Start of Block

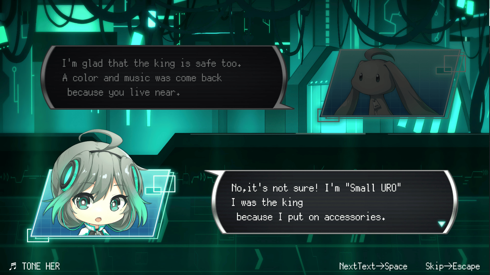 There was a world where Uro alone lives. However, the color and sound disappeared from the world from one day. When wearing a glowing ornament, Uro is wrapped in color and music I notice that music and colors are gone from the world. To regain music and color to the world again, I started running running my music.
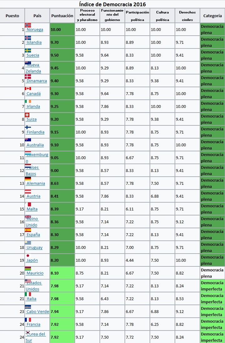 El índice británico de clasificación mundial del 2016 “Democracy Index 2016”,* reparte los países en grandes grupos: Democracia plena (1/20), Democracia imperfecta (21/76), Régimen híbrido (77/116) y Régimen autoritario (117/167). La clasificación sitúa a España en el puesto 17º del ranking mundial de calidad democrática, por delante de EEUU, Italia y Francia. España está integrada en el grupo (solo 20) de Democracia plena. Están situados en el grupo de Régimen autoritario: Venezuela en el 117, Cuba en el 128 y Corea del Norte, el último en el 167.
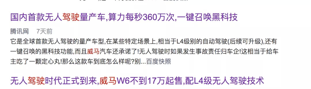 在蔚来车主的事故后,一向绝不落下热点的威马创始人沈晖谈及自动驾驶,认为“L2 级别责任在驾驶员,L4 以上级别自动驾驶功能,操作主体是车辆本身,责任主体归属主机厂。”并且又宣传了下自家的 L4 级别无人驾驶功能,因为选择了高频停车场景,环境封闭、相对低速,所以安全性更高。但他可能忘记了,威马新款车W6的宣传口径上写的是“国内首款无人驾驶量产车”。
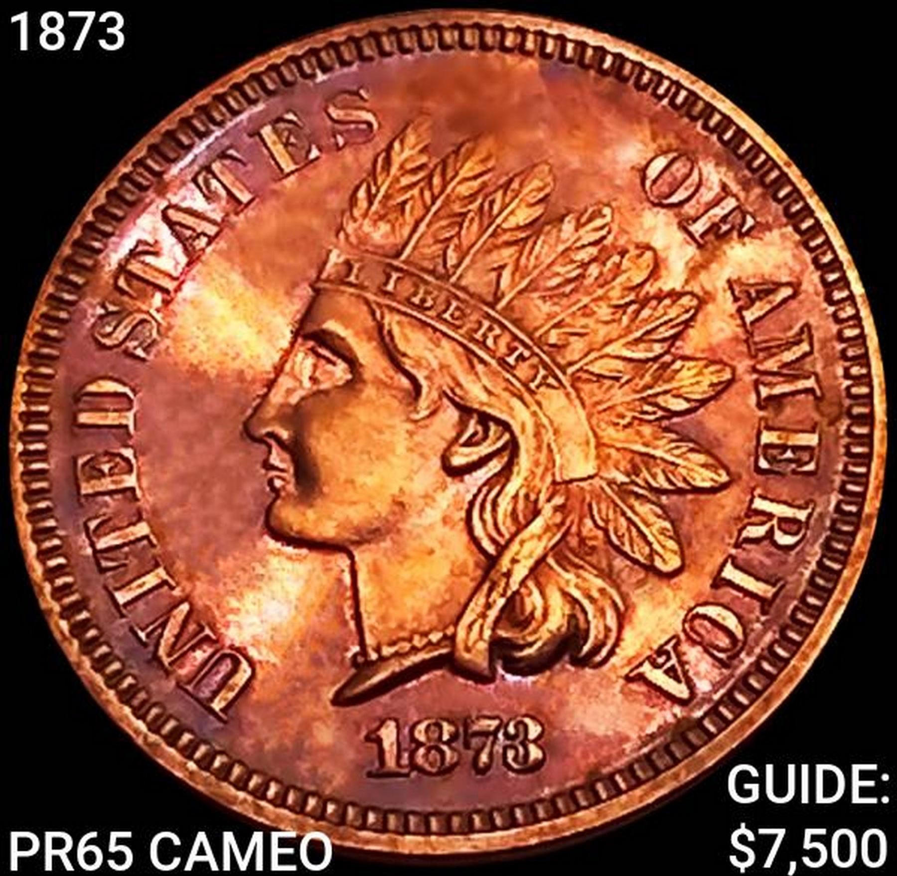 1873 Indian Head Cent GEM PROOF CAM
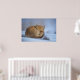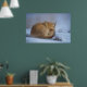 A poster with a darling nature photograph featuring a cute little red fox all curled up in a ball resting on the cold winter snow.
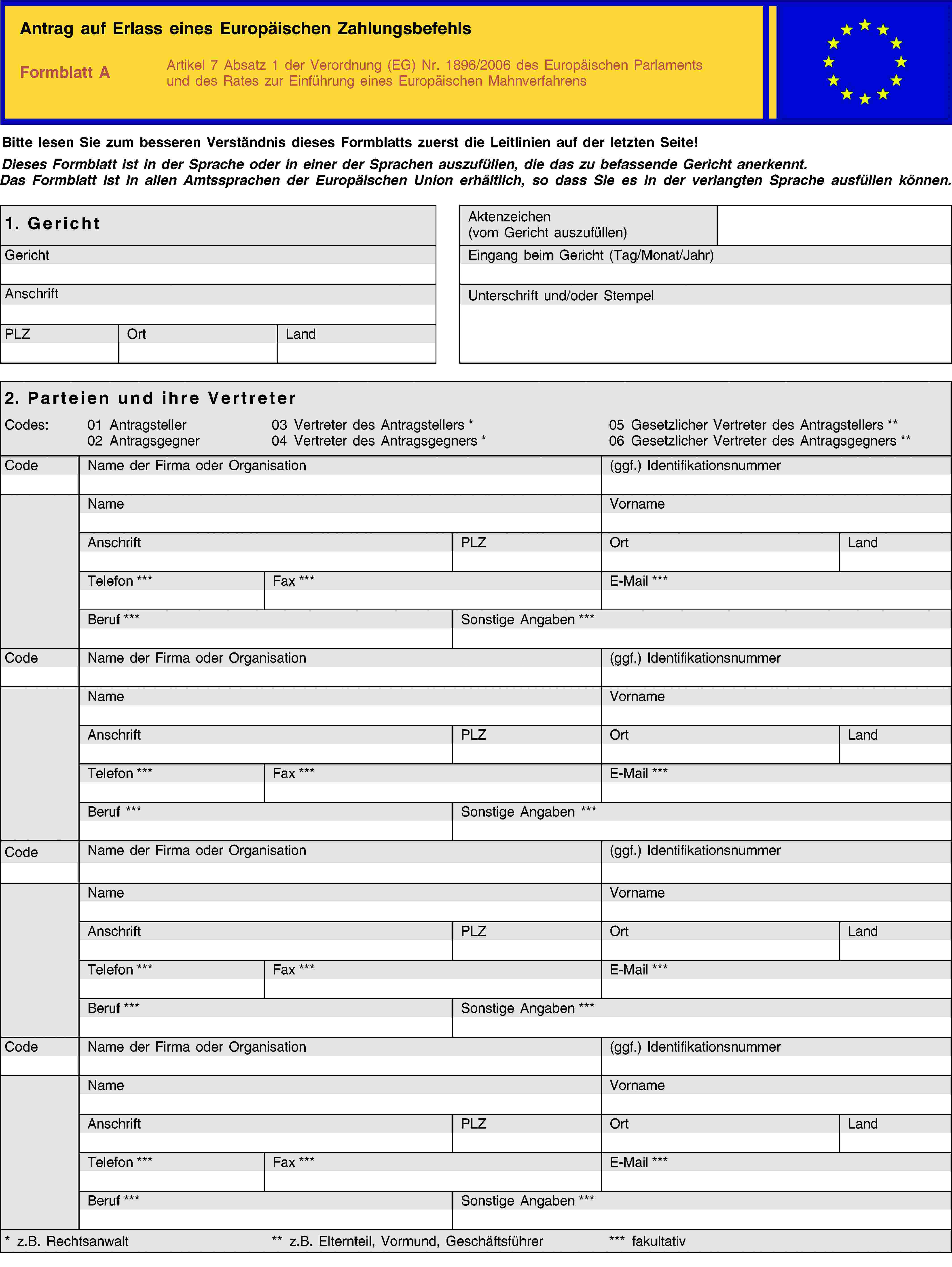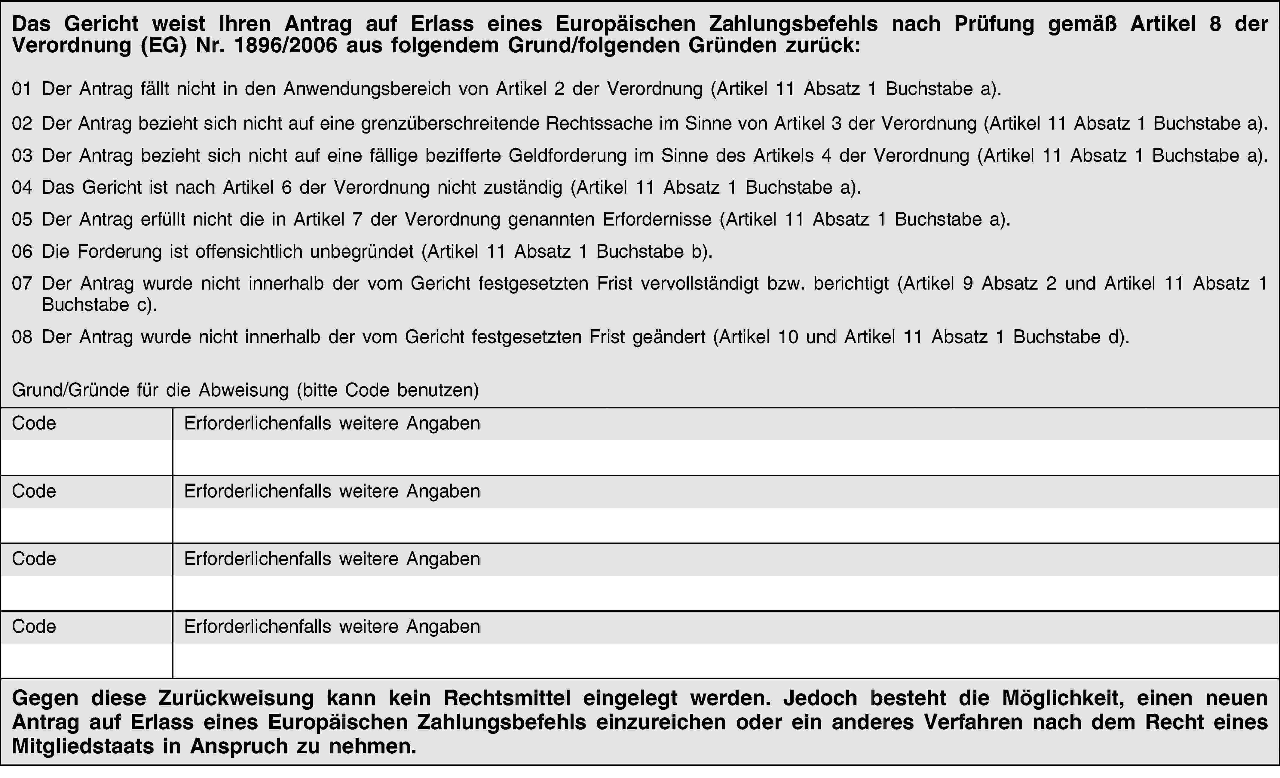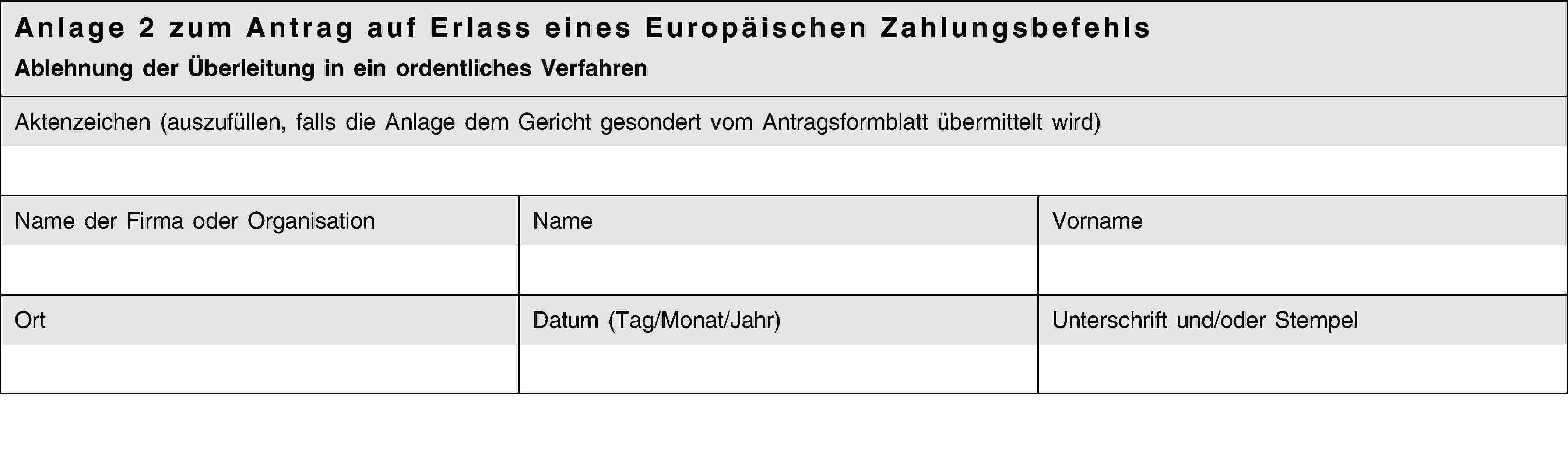 Der Antragsgegner kann seinen Einspruch unter Verwendung des in dieser Verordnung enthaltenen Formblatts einreichen. Die Gerichte sollten allerdings auch einen in anderer Form eingereichten schriftlichen Einspruch berücksichtigen, sofern dieser klar erklärt ist. |

End of Block

Give back the data exactly. Skip any images.

 There was a world where Uro alone lives. However, the color and sound disappeared from the world from one day. When wearing a glowing ornament, Uro is wrapped in color and music I notice that music and colors are gone from the world. To regain music and color to the world again, I started running running my music.
 El índice británico de clasificación mundial del 2016 “Democracy Index 2016”,* reparte los países en grandes grupos: Democracia plena (1/20), Democracia imperfecta (21/76), Régimen híbrido (77/116) y Régimen autoritario (117/167). La clasificación sitúa a España en el puesto 17º del ranking mundial de calidad democrática, por delante de EEUU, Italia y Francia. España está integrada en el grupo (solo 20) de Democracia plena. Están situados en el grupo de Régimen autoritario: Venezuela en el 117, Cuba en el 128 y Corea del Norte, el último en el 167.
 在蔚来车主的事故后,一向绝不落下热点的威马创始人沈晖谈及自动驾驶,认为“L2 级别责任在驾驶员,L4 以上级别自动驾驶功能,操作主体是车辆本身,责任主体归属主机厂。”并且又宣传了下自家的 L4 级别无人驾驶功能,因为选择了高频停车场景,环境封闭、相对低速,所以安全性更高。但他可能忘记了,威马新款车W6的宣传口径上写的是“国内首款无人驾驶量产车”。
 1873 Indian Head Cent GEM PROOF CAM
 A poster with a darling nature photograph featuring a cute little red fox all curled up in a ball resting on the cold winter snow.
 Der Antragsgegner kann seinen Einspruch unter Verwendung des in dieser Verordnung enthaltenen Formblatts einreichen. Die Gerichte sollten allerdings auch einen in anderer Form eingereichten schriftlichen Einspruch berücksichtigen, sofern dieser klar erklärt ist. |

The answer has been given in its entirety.